Requirement. Keep only those lines of the records that include the string "Nagelplatte".

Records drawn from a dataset
▬▬▬▬▬▬▬▬▬▬

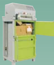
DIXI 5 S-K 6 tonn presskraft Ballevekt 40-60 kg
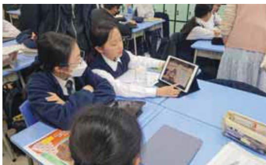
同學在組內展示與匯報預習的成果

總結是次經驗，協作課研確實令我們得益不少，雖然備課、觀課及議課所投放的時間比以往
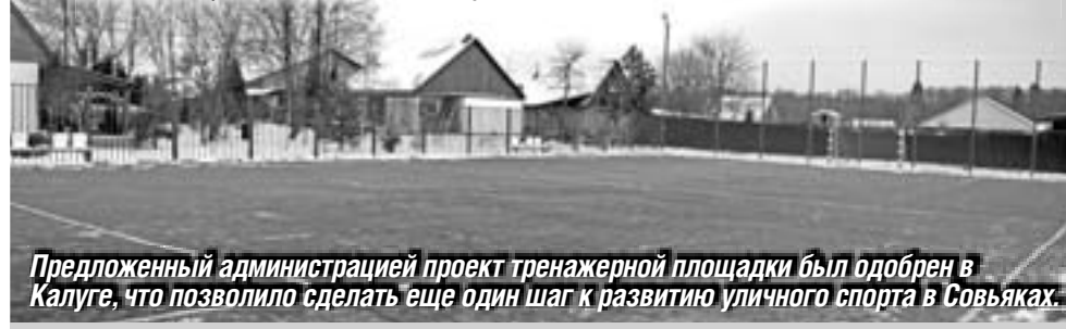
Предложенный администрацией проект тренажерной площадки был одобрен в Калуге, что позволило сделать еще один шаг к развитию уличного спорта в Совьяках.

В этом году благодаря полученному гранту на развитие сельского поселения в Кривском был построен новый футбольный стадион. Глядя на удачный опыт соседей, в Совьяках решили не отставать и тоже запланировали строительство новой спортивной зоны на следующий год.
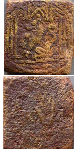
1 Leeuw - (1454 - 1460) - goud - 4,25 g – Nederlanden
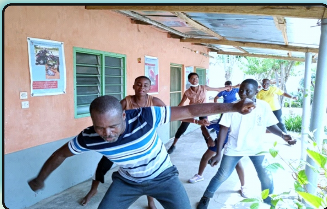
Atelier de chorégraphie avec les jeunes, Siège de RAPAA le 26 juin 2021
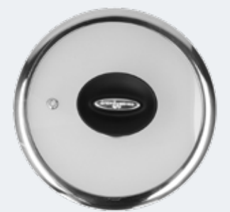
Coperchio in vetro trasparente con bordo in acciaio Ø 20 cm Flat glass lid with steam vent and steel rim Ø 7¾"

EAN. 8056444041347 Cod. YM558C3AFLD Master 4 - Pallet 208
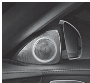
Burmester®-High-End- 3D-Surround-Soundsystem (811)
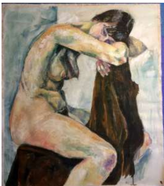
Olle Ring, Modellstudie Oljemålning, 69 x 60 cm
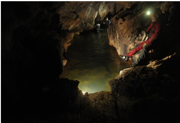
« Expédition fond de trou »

▬▬▬▬▬▬▬▬▬▬

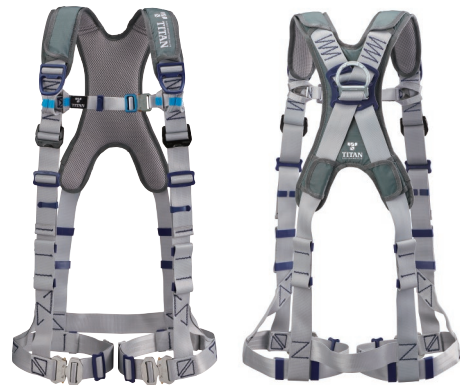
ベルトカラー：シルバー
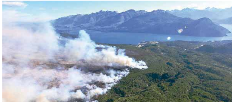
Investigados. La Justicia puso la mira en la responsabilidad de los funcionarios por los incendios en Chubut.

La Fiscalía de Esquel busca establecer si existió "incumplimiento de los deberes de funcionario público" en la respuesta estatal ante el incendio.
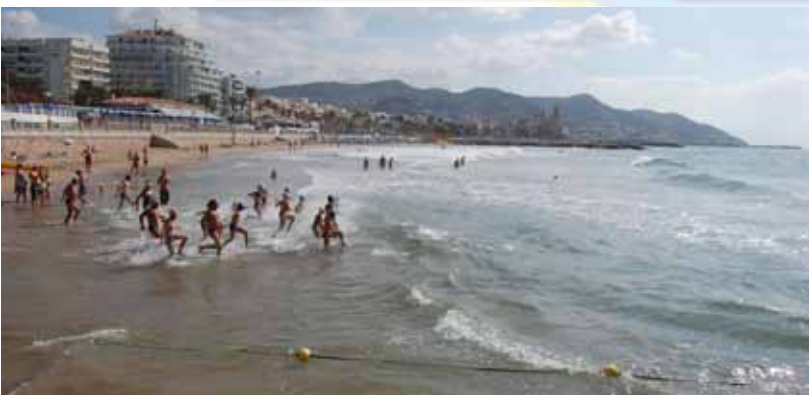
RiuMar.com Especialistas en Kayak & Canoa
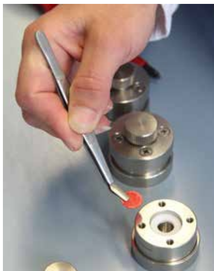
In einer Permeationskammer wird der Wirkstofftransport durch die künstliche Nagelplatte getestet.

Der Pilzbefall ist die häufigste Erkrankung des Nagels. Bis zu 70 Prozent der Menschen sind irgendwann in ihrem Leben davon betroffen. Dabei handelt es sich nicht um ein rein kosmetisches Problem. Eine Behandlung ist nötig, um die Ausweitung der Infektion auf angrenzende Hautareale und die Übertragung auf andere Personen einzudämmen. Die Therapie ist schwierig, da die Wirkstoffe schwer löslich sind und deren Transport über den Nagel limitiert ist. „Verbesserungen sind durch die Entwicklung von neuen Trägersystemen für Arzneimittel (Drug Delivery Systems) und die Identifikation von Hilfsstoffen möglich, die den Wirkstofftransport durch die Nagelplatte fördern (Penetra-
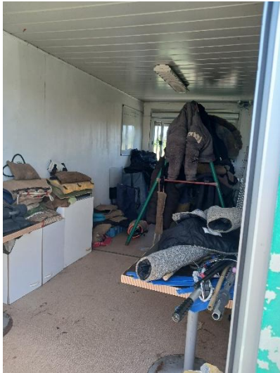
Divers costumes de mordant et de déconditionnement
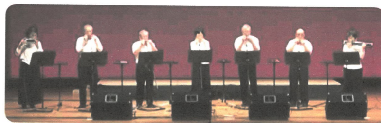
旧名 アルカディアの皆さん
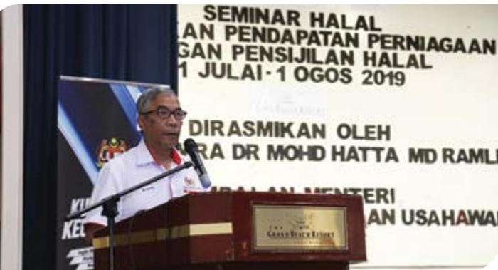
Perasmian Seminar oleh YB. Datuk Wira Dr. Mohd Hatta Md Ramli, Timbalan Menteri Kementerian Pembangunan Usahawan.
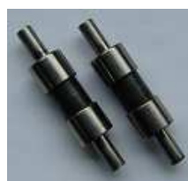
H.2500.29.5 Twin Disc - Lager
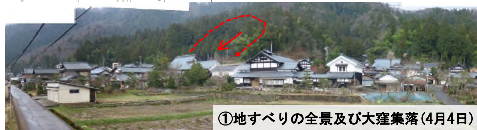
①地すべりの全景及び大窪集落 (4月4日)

▬▬▬▬▬▬▬▬▬▬

Finished exercise.
In einer Permeationskammer wird der Wirkstofftransport durch die künstliche Nagelplatte getestet.
Der Pilzbefall ist die häufigste Erkrankung des Nagels. Bis zu 70 Prozent der Menschen sind irgendwann in ihrem Leben davon betroffen. Dabei handelt es sich nicht um ein rein kosmetisches Problem. Eine Behandlung ist nötig, um die Ausweitung der Infektion auf angrenzende Hautareale und die Übertragung auf andere Personen einzudämmen. Die Therapie ist schwierig, da die Wirkstoffe schwer löslich sind und deren Transport über den Nagel limitiert ist. „Verbesserungen sind durch die Entwicklung von neuen Trägersystemen für Arzneimittel (Drug Delivery Systems) und die Identifikation von Hilfsstoffen möglich, die den Wirkstofftransport durch die Nagelplatte fördern (Penetra-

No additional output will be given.